# Aim of the task:
Repeat every entry word for word, skipping the pictures.

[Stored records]
------------------------

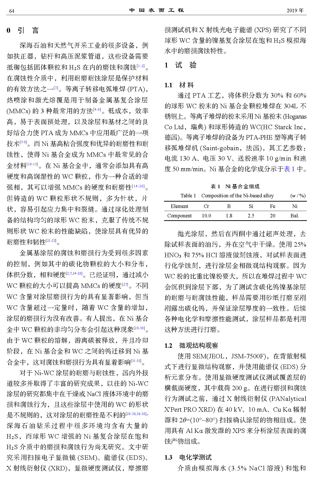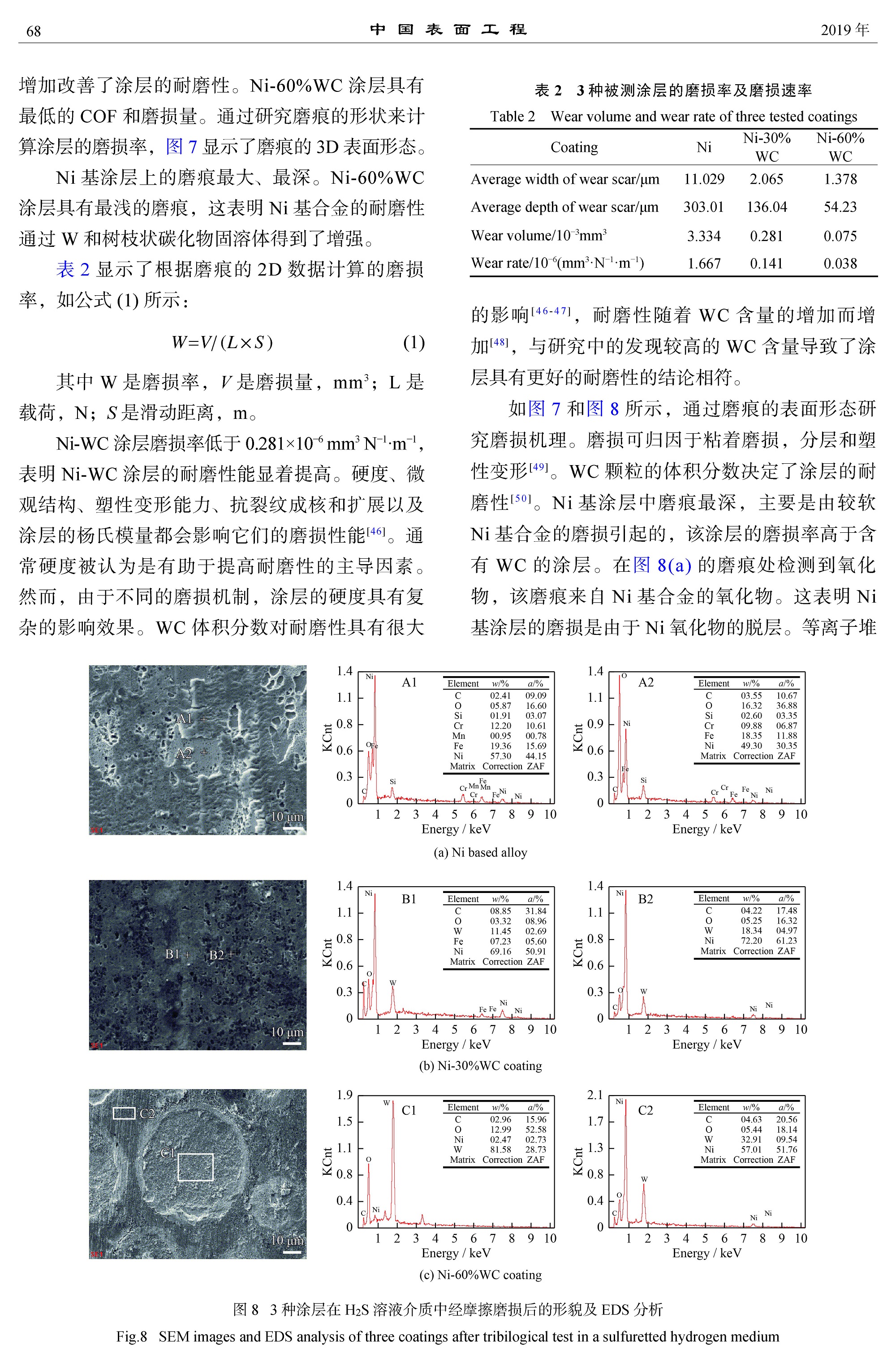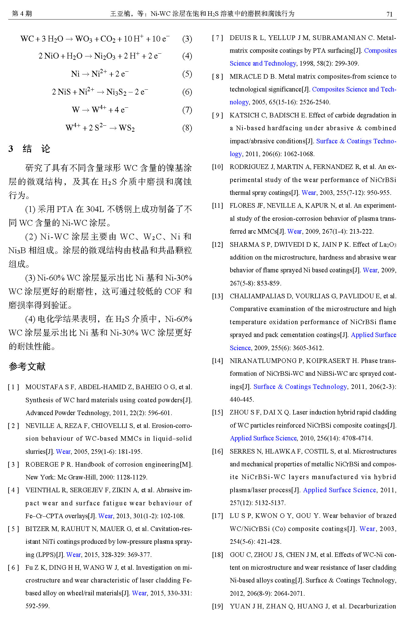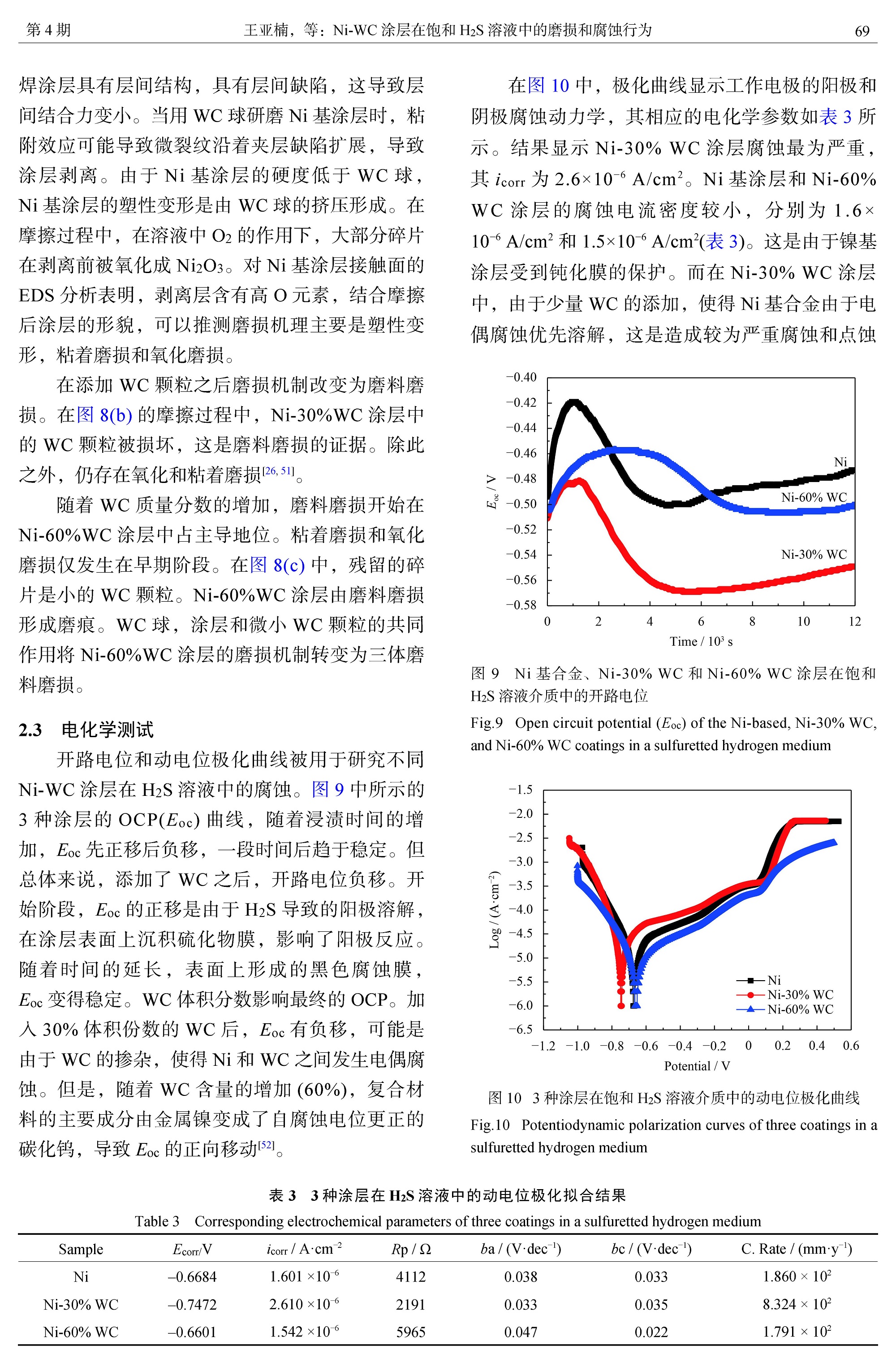 Ni-WC涂层在饱和H2S溶液中的磨损和腐蚀行为
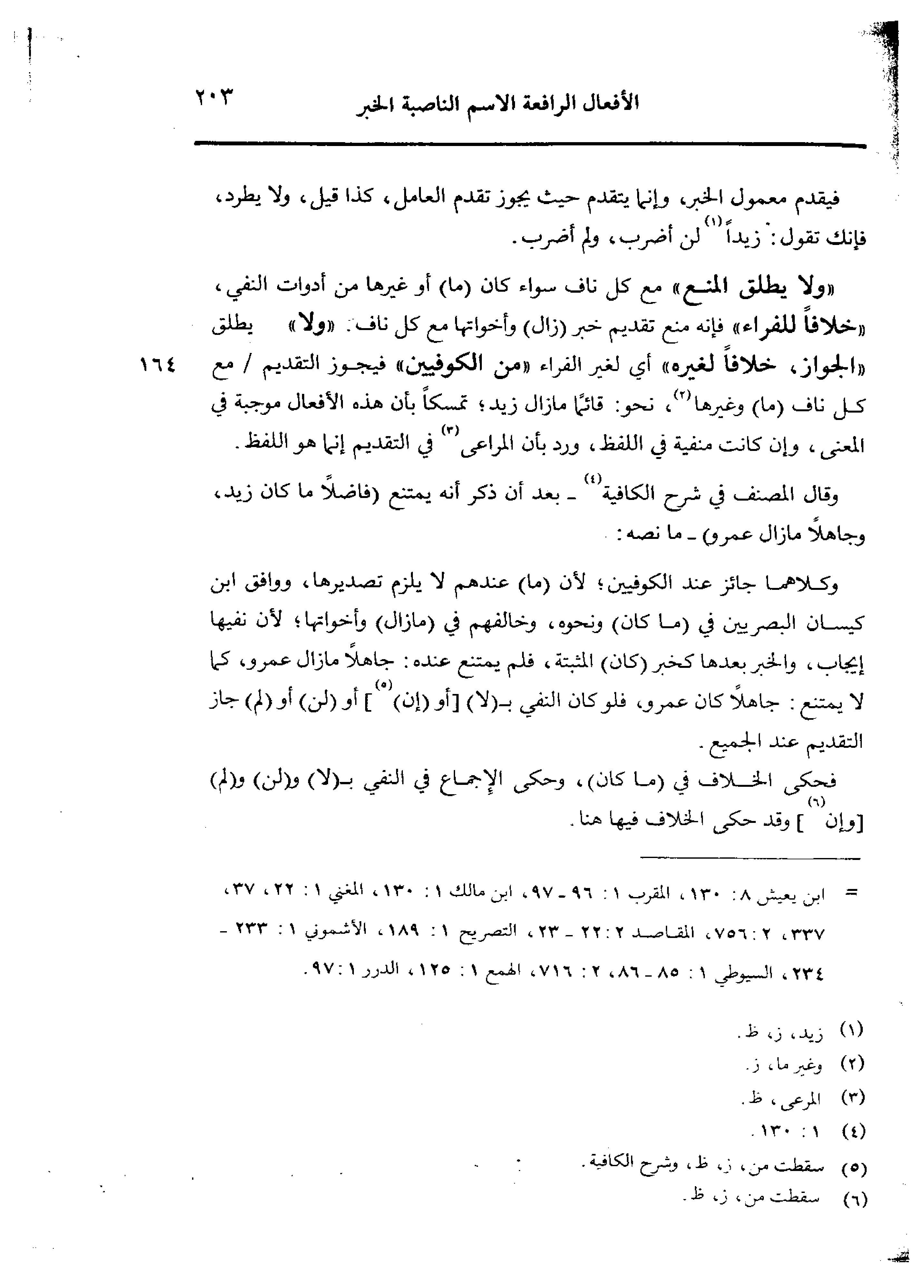 «ولا يطلق المنع» مع كل ناف سواء كان (ما) أو غيرها من أدوات النفي، «خلافا للفراء» فإنه منع تقديم خبر (زال) وأخواتها مع كل ناف «ولا» يطلق «الجواز، خلافًا لغيره» أي لغير الفراء «من الكوفيين» فيجوز التقديم/ مع كل ناف (ما) وغيرها، نحو: قائمًا ما زال زيد؛ تمسكًا بأن هذه الأفعال موجبة في المعنى، وإن كانت منفية في اللفظ، ورد بأن المراعى في التقديم إنما هو اللفظ.
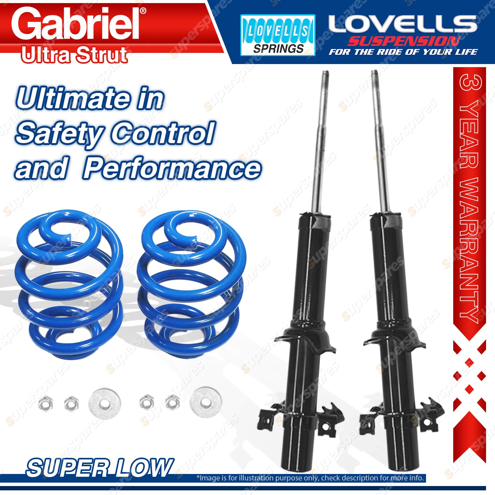 Contents: 2 x Gabriel Ultra Strut Shock Absorbers - Gas 2 x Super Low Lovells Springs Suit: Honda Integra DA9 1.8L Coupe 6/89-93 |
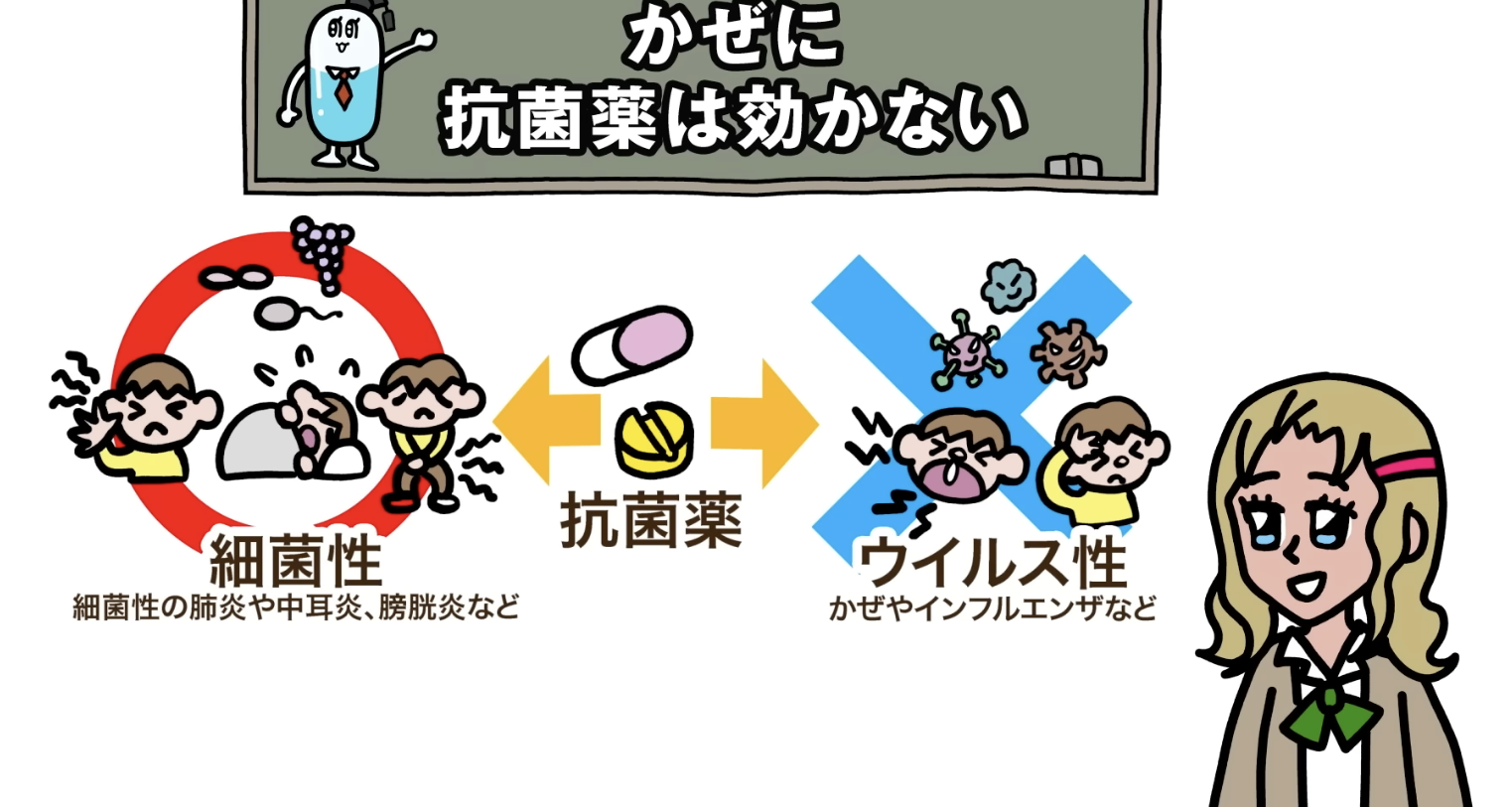 (写真は、AMR臨床リファレンスセンターの啓蒙動画「かぜに抗菌薬 効かへんで!」の一場面)
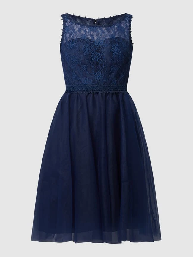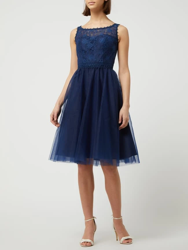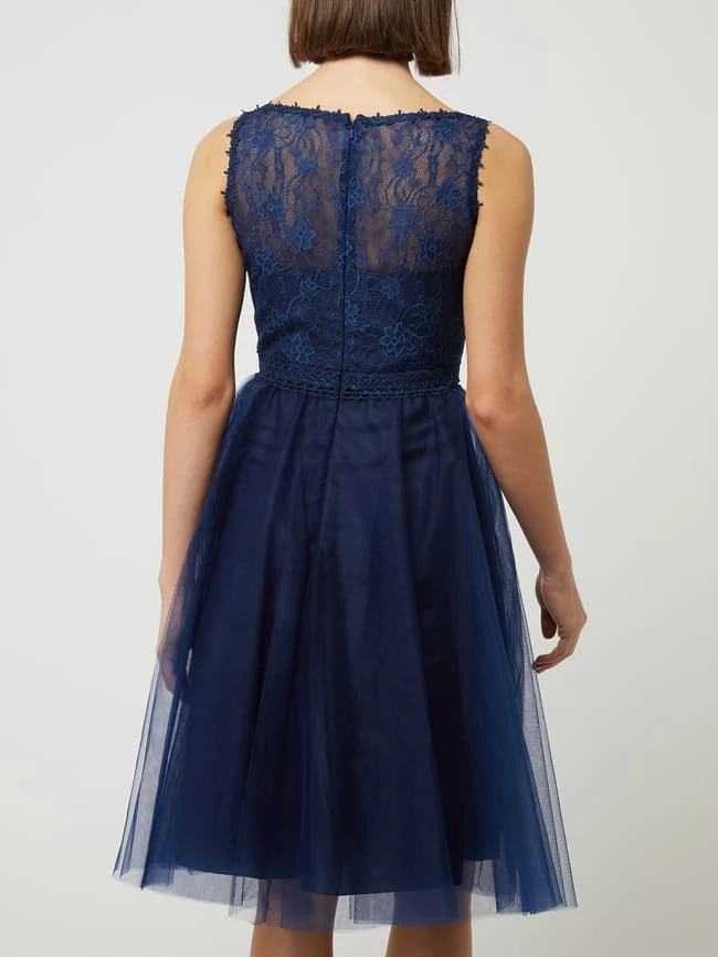 Das Cocktailkleid von LUXUAR ist aus Mesh und Spitze gefertigt. Es kommt in taillierter Passform mit Rundhalsausschnitt, ausgestelltem Rockteil und Nahtreißverschluss auf der Rückseite.
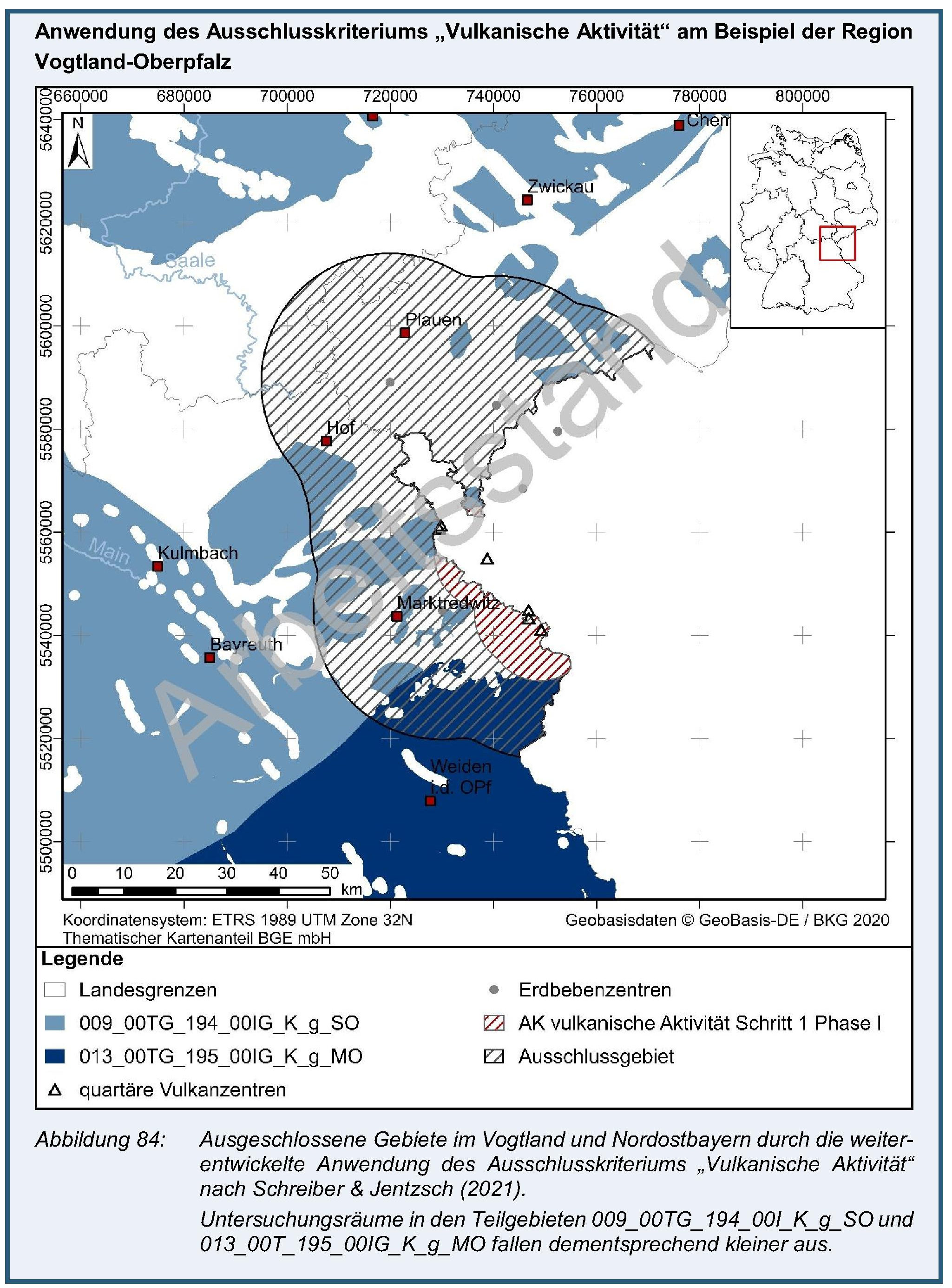 Eine Studie im Auftrag der BGE zur Bewertung möglicher vulkanischer Aktivitäten (PDF, 50 MB) hat etwa ergeben, dass neben den bereits in Schritt 1 der Phase I identifizierten Vulkanen mit erhöhter Wahrscheinlichkeit einer vulkanischen Aktivität innerhalb der nächsten eine Million Jahre, einzelne weitere Vulkane berücksichtigt werden sollten. Ein weiteres Ergebnis der Untersuchung: Der Sicherheitsabstand von 10 Kilometer sollte auf 25 Kilometer erhöht werden.
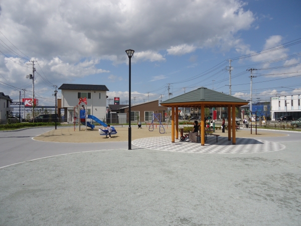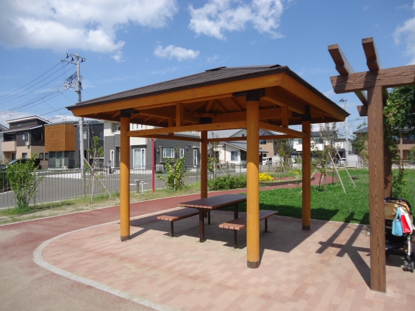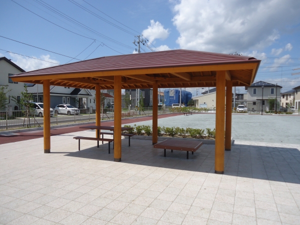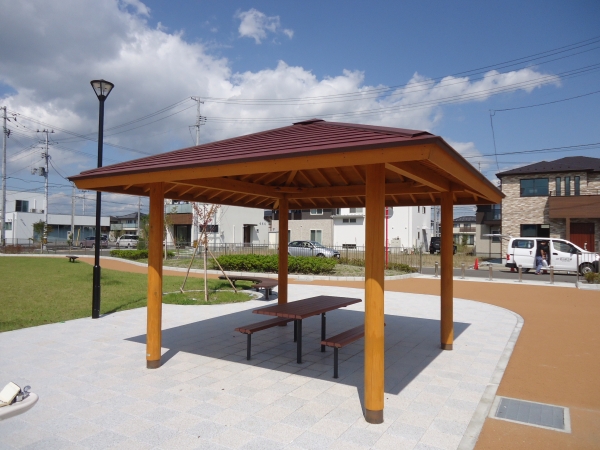 仙台駅から東に5kmほど行った場所にある荒井西土地区画整理事業によって誕生した新しい街です。ここは東日本大震災で被災された方々の防災集団移転地域に指定されています。その街の中には住民の方々の憩いの場となる公園も数箇所設けられ、各公園に当社の様々な形状の東屋を納入させていただきました。

------------------------

# Completed exercise:
 Ni-WC涂层在饱和H2S溶液中的磨损和腐蚀行为
 «ولا يطلق المنع» مع كل ناف سواء كان (ما) أو غيرها من أدوات النفي، «خلافا للفراء» فإنه منع تقديم خبر (زال) وأخواتها مع كل ناف «ولا» يطلق «الجواز، خلافًا لغيره» أي لغير الفراء «من الكوفيين» فيجوز التقديم/ مع كل ناف (ما) وغيرها، نحو: قائمًا ما زال زيد؛ تمسكًا بأن هذه الأفعال موجبة في المعنى، وإن كانت منفية في اللفظ، ورد بأن المراعى في التقديم إنما هو اللفظ.
 Contents: 2 x Gabriel Ultra Strut Shock Absorbers - Gas 2 x Super Low Lovells Springs Suit: Honda Integra DA9 1.8L Coupe 6/89-93 |
 (写真は、AMR臨床リファレンスセンターの啓蒙動画「かぜに抗菌薬 効かへんで!」の一場面)
 Das Cocktailkleid von LUXUAR ist aus Mesh und Spitze gefertigt. Es kommt in taillierter Passform mit Rundhalsausschnitt, ausgestelltem Rockteil und Nahtreißverschluss auf der Rückseite.
 Eine Studie im Auftrag der BGE zur Bewertung möglicher vulkanischer Aktivitäten (PDF, 50 MB) hat etwa ergeben, dass neben den bereits in Schritt 1 der Phase I identifizierten Vulkanen mit erhöhter Wahrscheinlichkeit einer vulkanischen Aktivität innerhalb der nächsten eine Million Jahre, einzelne weitere Vulkane berücksichtigt werden sollten. Ein weiteres Ergebnis der Untersuchung: Der Sicherheitsabstand von 10 Kilometer sollte auf 25 Kilometer erhöht werden.
 仙台駅から東に5kmほど行った場所にある荒井西土地区画整理事業によって誕生した新しい街です。ここは東日本大震災で被災された方々の防災集団移転地域に指定されています。その街の中には住民の方々の憩いの場となる公園も数箇所設けられ、各公園に当社の様々な形状の東屋を納入させていただきました。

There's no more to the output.